If the objects were self-explanatory, then they should be all we need to focus on.
Objects found in an apartment belonging to friends of the victim that match the objects claimed to be used in the crime itself are self-explanatory, I think is the point. You can accuse a hardware store owner of doing the crime if the objects exist in a vacuum, I think you're being a bit autistic here because he said they're self-explanatory.
One case is objectively much more simple, the Trump case is vastly more open to speculation whereas the Smollett case isn't and this speaks to one case's almost complete lack of vagueness.
I recall my comment. Any piece of evidence requires explanation. That's why we call it evidence (and not proof). An object cannot testify to its explanation, so it requires the testimony of humans. Alas, rope and bleach can't stand trial.
If the brothers denied helping Smollett, the evidence would still be admissible; but it would lack the testimony that explains why the bleach, rope, and masks are relevant. As I suggested, plenty of people probably have these things in their possession.
If the objects were self-explanatory, then they should be all we need to focus on.
All I'm saying is that we who "know" Smollett to be guilty as choosing to believe something about the evidence.
For sure. Which was why the second opinion I suggested in my original post was "Total exoneration!" and not "Well, seems like there's no collusion, or at least not enough evidence to charge him for it. But obstruction, not so sure..."
I'm accusing those who think Barr's summary is proof of total innocence of being hypocrite's for not assuming that Foxx's decision is proof of total innocence. Ultimately, both sides are making judgments about the evidence. Neither case is "self-explanatory."
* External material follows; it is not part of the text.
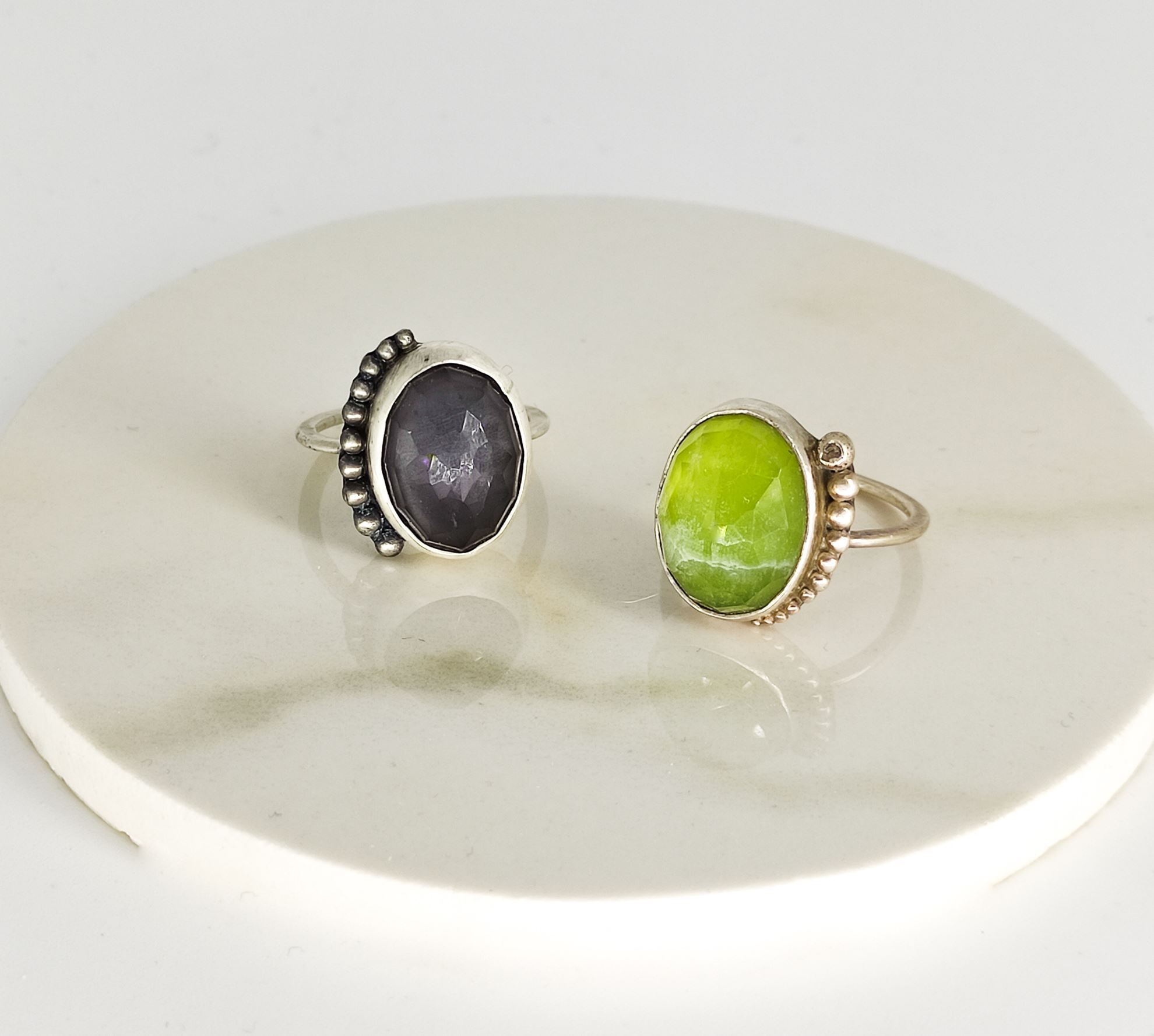 Δαχτυλίδι από ασήμι 925ο και οξείδωση, με ημιπολύτιμες πέτρες.

I'm accusing those who think Barr's summary is proof of total innocence of being hypocrite's for not assuming that Foxx's decision is proof of total innocence. Ultimately, both sides are making judgments about the evidence. Neither case is "self-explanatory."
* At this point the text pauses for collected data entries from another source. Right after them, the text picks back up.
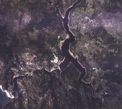 A vista de pájaro la central que produce el desaguisado de la derecha. Es de la empresa Ferroatlántica. Está en Ézaro (La Coruña). Cascada de Ézaro (La Coruña). Fotografía sacada un domingo, a las 12:30, por el autor de la WWW, el resto de la semana está seca. Una vergüenza auténtica.
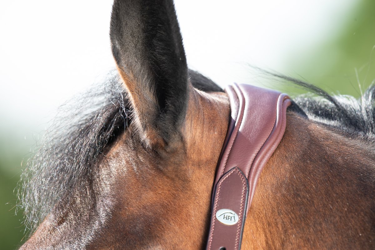 - Têtière anatomique: La forme anatomique de la têtière s’adapte parfaitement à la morphologie de la tête du cheval, assurant une répartition uniforme de la pression et évitant les points de frottement.
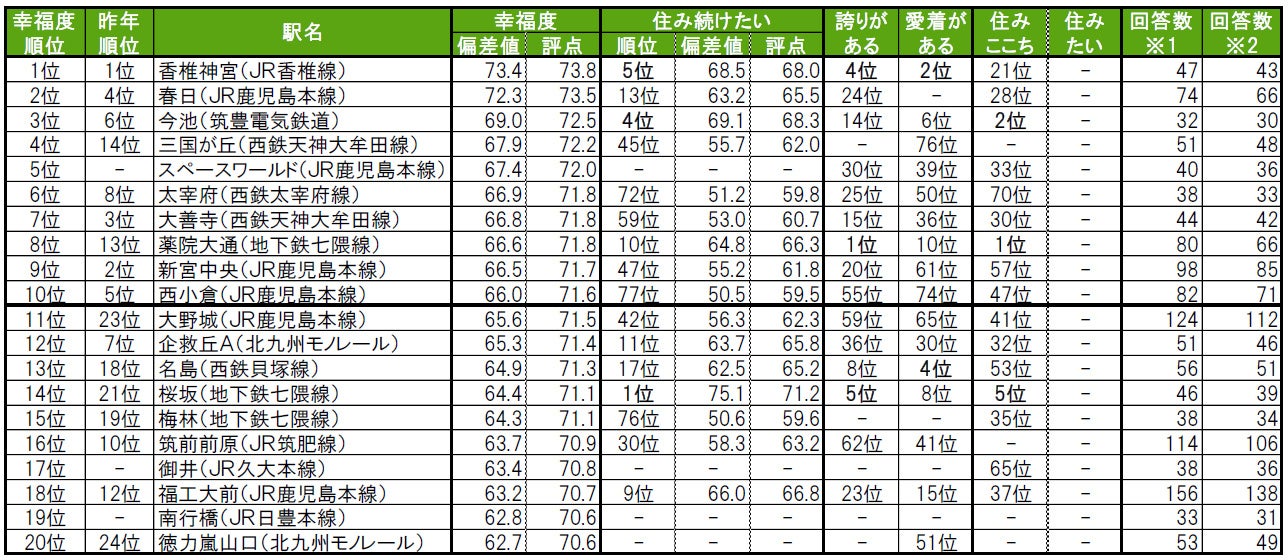 1位は2年連続で福岡市東区に位置する香椎神宮で、「街に愛着がある」2位、「街に誇りがある」4位、「住み続けたい街」5位となっています。2位は、春日市に位置する春日が昨年4位から順位を上げました。トップ2の駅は、偏差値70台の極めて高い評価を得ています。3位は北九州市八幡西区に位置する今池で、「住みここち」は2位、「住み続けたい街」は4位となっています。

There's actually credibility to some degree in continuing to push the Trump/Russia theory, whereas only a total brainlet die-hard IdPol-tard still thinks Smollett dindu nuffin. On that basis alone I have to reject your claim that believing one summary over the other makes you a hypocrite, or whatever weird narrative you're trying to push here.
a hate crime you referenced in the past
Let's be honest here
One was a summary of a massive two-year investigation that recommended no charges for collusion on a basis of lack of evidence. The other was a single act of prosecutory discretion dropping a case that had already resulted in sixteen charges on a basis of substantial evidence.
Testimony is not always available. If Bob murders Joe and there are no witnesses and the only evidence is a knife Bob purchased soaked in Joe's blood, and Bob refuses to admit to the slaying, then there is no testimony beyond the cops that discovered the knife. The cops provide testimony to the knife not being planted, but it's the knife itself that carries the information of blood and location. You need expert opinion to translate the explanation of the knife, e.g. forensic experts running PCR on the blood to match it to Joe, or bank records showing the purchase of the knife by Bob, but the knife itself is its own evidence.
The reason we don't even need to focus as much on the objects is because two people already confessed IN ADDITION TO the plethora of physical evidence which supports their claims. We believe Smollett to be guilty because $130k was spent in investigating the various leads and pieces of evidence, including investigation by many experts and independent sources, all of which point to the whole thing being a hoax.